El término municipal de Roccanera abarcaba una gran extensión de costas, de llanuras y de montes, hasta casi la cima de los Apeninos.
Las tierras de los contornos, muy fértiles, apenas tenían necesidad de abonos. Las lluvias eran abundantes. En las llanuras próximas al mar, algunas muy bien regadas, la vegetación era espléndida y se recogían varias cosechas al año.
En aquellos lugares, en los cuales llovía mucho en primavera y en los que durante el verano calentaba el sol de una manera terrible, se formaban charcas y extensiones pantanosas y había en otoño fiebres palúdicas.
En invierno, la temperatura en los altos era fría y la nieve brillaba en las cumbres y en los montes próximos.
Dentro de la comarca de Roccanera había varios pueblos y se notaba un gran contraste entre la ciudad marina y las aldeas de la montaña.
La forma de las casas y de las calles, la clase de vida, el tipo de los habitantes, la constitución de la propiedad; todo presentaba distinto carácter en el monte y en el llano.
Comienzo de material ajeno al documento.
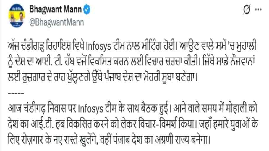 Punjab News: पंजाब के सीएम भगवंत मान (CM Bhagwant Mann) ने अपने चंडीगढ़ स्थित निवास पर आईटी क्षेत्र की दिग्गज कंपनी इंफोसिस के अधिकारियों के साथ अहम बैठक की। इस दौरान मोहाली को देश के नए आईटी हब (New IT Hubs) के रूप में विकसित करने की दिशा में विस्तार से चर्चा की गई। सीएम मान ने इस बैठक की तस्वीरें अपने X हैंडल पर साझा करते हुए लिखा कि मोहाली को आईटी सेक्टर (IT Sector) में आगे बढ़ाने से न केवल पंजाब के युवाओं के लिए रोजगार के नए रास्ते खुलेंगे, बल्कि पंजाब देश के अग्रणी राज्यों में शुमार होगा।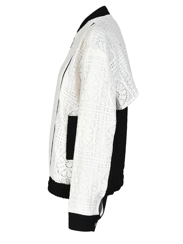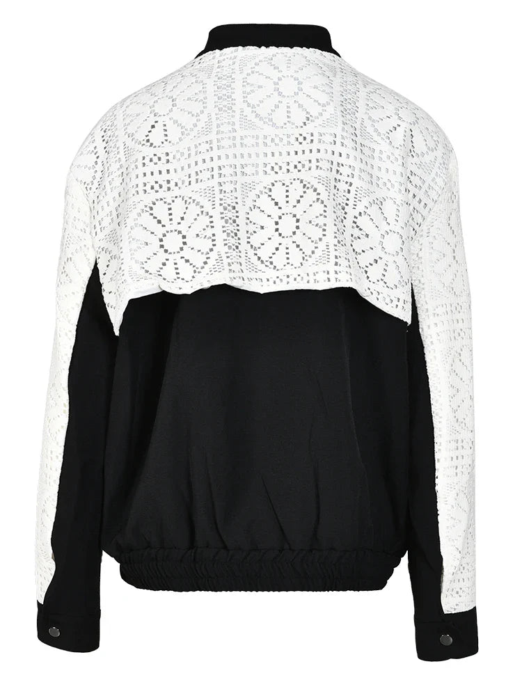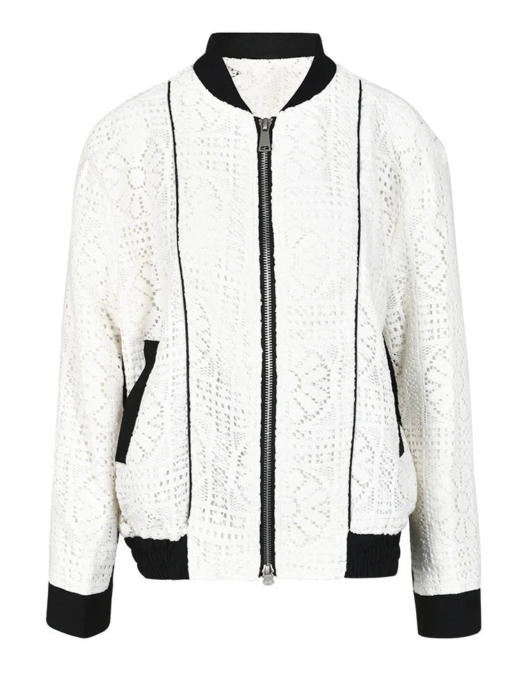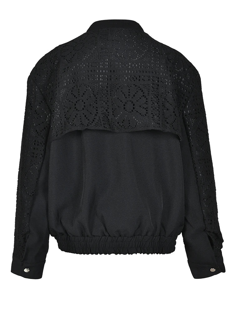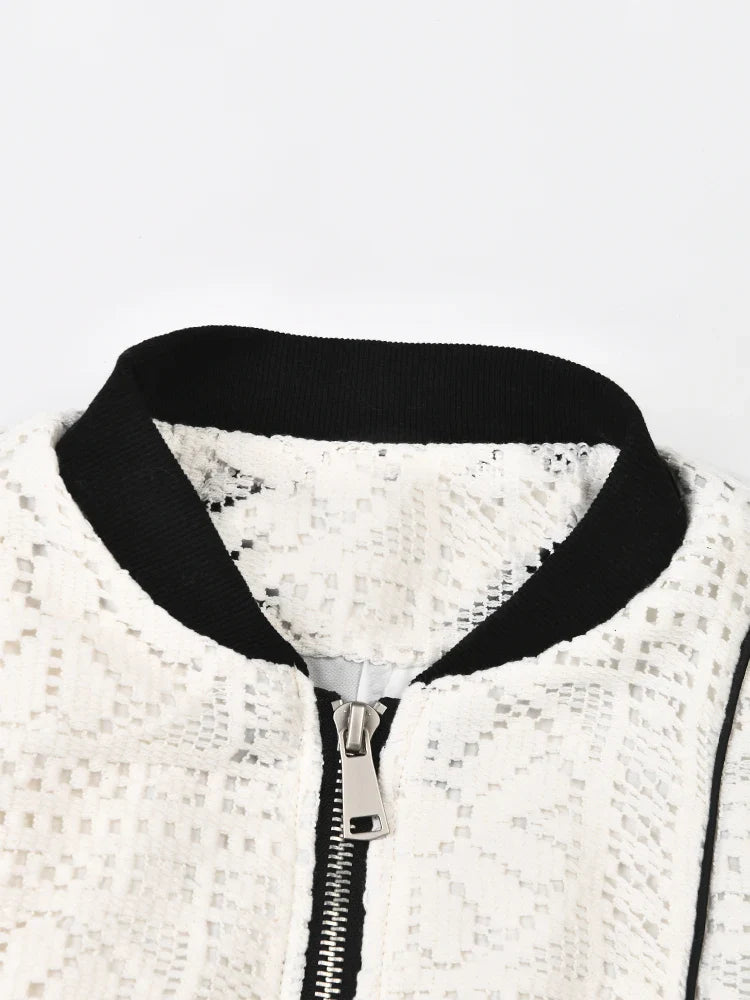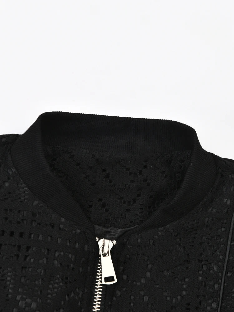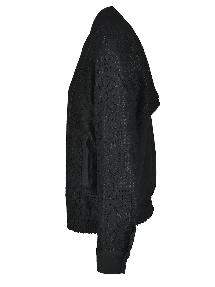 The intricate hollow out design adds a touch of sophistication to this classic stand collar jacket. Made with knitted fabric. it offers both comfort and durability.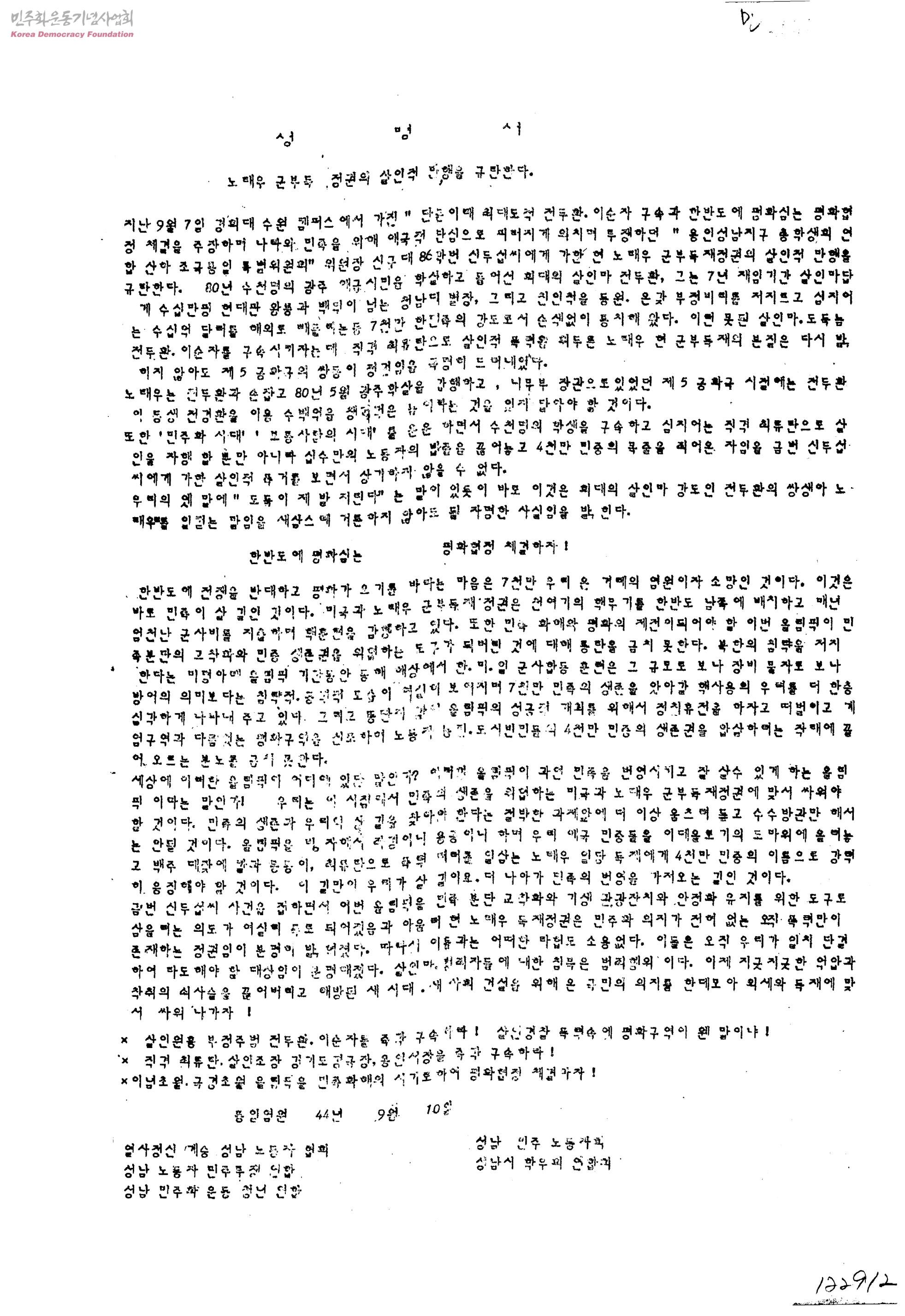성명서-노태우 군부독재 정권의 살인적 만행을 규탄한다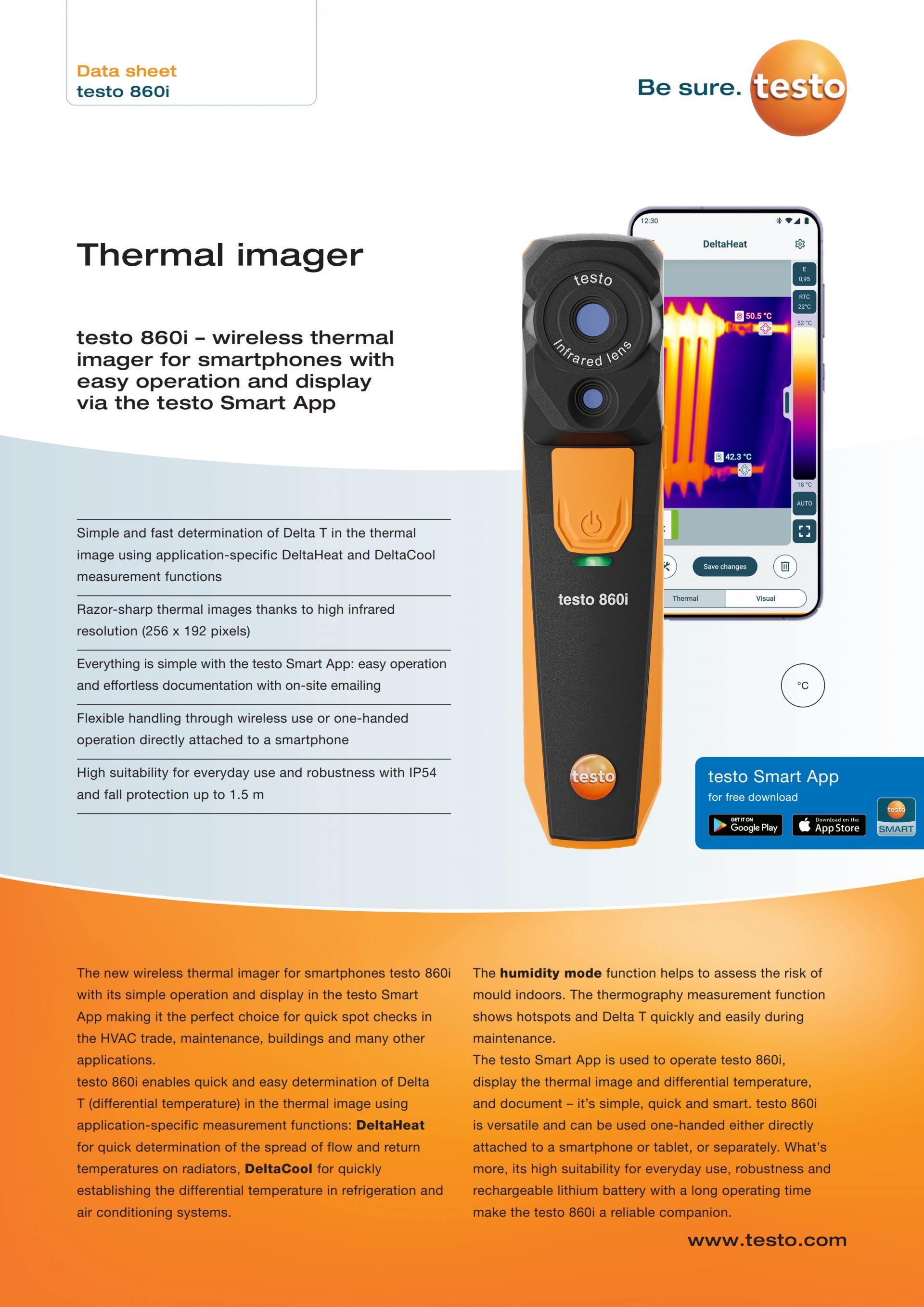 스마트폰용 무선 열화상 카메라 testo 860i는 DeltaHeat 및 DeltaCool과 같은 애플리케이션 특화 측정 기능을 통해 열화상에서 Delta T(온도 차이)를 빠르고 간편하게 확인할 수 있습니다.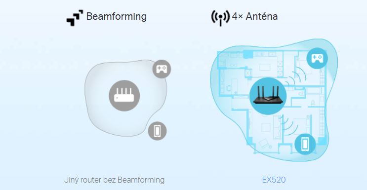 *Rozšířené pokrytí: Čtyři vysoce výkonné antény a technologie Beamforming zajišťují silné a spolehlivé WiFi pokrytí po celém domě.

Las mujeres eran también de otro tipo: morenas, vivas, expresivas, en la llanura y en la costa; rubias, más blancas y más fuertes, en la montaña. En la costa, sobre todo en La Marina, se veían muchachas de una belleza clásica; en cambio, en el monte aparecía un tipo céltico o germánico.
Galardi subió a la cúspide de los Apeninos, coronados por una vasta meseta, llamada la Sila, cuya superficie se hallaba cubierta de prados, de haciendas y de aldeas.
De las cimas de aquellas montañas, en donde aparecían los crestones de las rocas plutónicas, escapaban una multitud de arroyos y de arroyuelos, convertidos el invierno en torrentes.
Una cintura de espesos bosques, de robles, hayas, abetos y castaños rodeaba las pedregosas alturas de pórfido y de granito.
Más abajo comenzaban las encinas, los pinos y los cipreses, y luego los matorrales de mirtos, adelfas, retamas, cornicabras, jaras, romeros y cantuesos.
Galardi recorrió las altas cimas y contempló los valles, tenebrosos e inhabitados; las gargantas anchas entre picachos, donde el aire, transparente e inmóvil, parecía una masa de cristal de roca y donde el silencio profundo se turbaba por la caída de las aguas espumosas.
En la estación de las grandes lluvias el agua corría viva, verde, por entre los despeñaderos y torrenteras, de enormes piedras negras y gigantescas, obstruidas por troncos de árboles podridos y cubiertos de musgo; pasaba por hoces de rocas, confusas y caóticas; se remansaba, saltaba en chorros espumosos, se metía en los canales de las serrerías pequeñas, con sus tejados de pizarra gris o de teja roja; desaparecía por las cañadas y las gargantas tenebrosas, y aparecía de pronto, brillando como el azogue, a precipitarse estruendosamente desde una gran altura, deshaciéndose en neblina en el aire y llenando de perlas de rocío las hierbas.
En la primavera era un espectáculo admirable contemplar los montes; en los valles bajos, con los prados húmedos, de esmeralda, llenos de florecillas, pacían los corderos; en las faldas se extendían los bosques de castaños y de encinas; y en las cumbres se amontonaban oscuros los bloques graníticos, asentados con majestuosa gravedad y unidos en acumulaciones ciclópeas.
Cuando las cimas aparecían cubiertas de nieve, presentaban una claridad y una transparencia como si no tuvieran espesor ni materia, en el azul profundo e intenso.
Cuando había nubes en el cielo, las montañas blancas, de una blancura inmaculada, adquirían aún más prestigio; las nubes, al interponerse entre el sol y las montañas, dejaban en éstas encajes de sombras con caprichosos perfiles.
Aquellos mares azules del cielo, con sus nubes blancas, y los bloques, más blancos aún, de los picos nevados, tan pronto plata, tan pronto mármol sonrosado, producían una embriaguez de aire y de espacio.
Desde el monte la llanura era admirable en primavera. Gran parte de ella se inundaba y se llenaba de lagunas.
En medio del espejo de las lagunas se veían islotes de árboles y de matorrales. En los bordes brillaban los follajes, jóvenes y tiernos, de los chopos, con una suavidad y una timidez de adolescencia.
A un lado y a otro, entre las tierras rojas y amarillas, entre los manchones de pizarras y los cerrillos de yeso, comenzaba a lucir el verde profundo de los bancales de trigo y de cebada. Alrededor de Roccanera se escalonaban los cerros pedregosos, las trincheras de piedras áridas, donde sólo crecían matas de hierbas.
Extendiendo la vista a la costa se veía el caserío de Roccanera, negro y oscuro, y la concha del golfo entre sus dos puntas, con el mar azul en lo lejano, turbio y como aceitoso en algunos puntos y bordeado de espuma cerca de las rocas.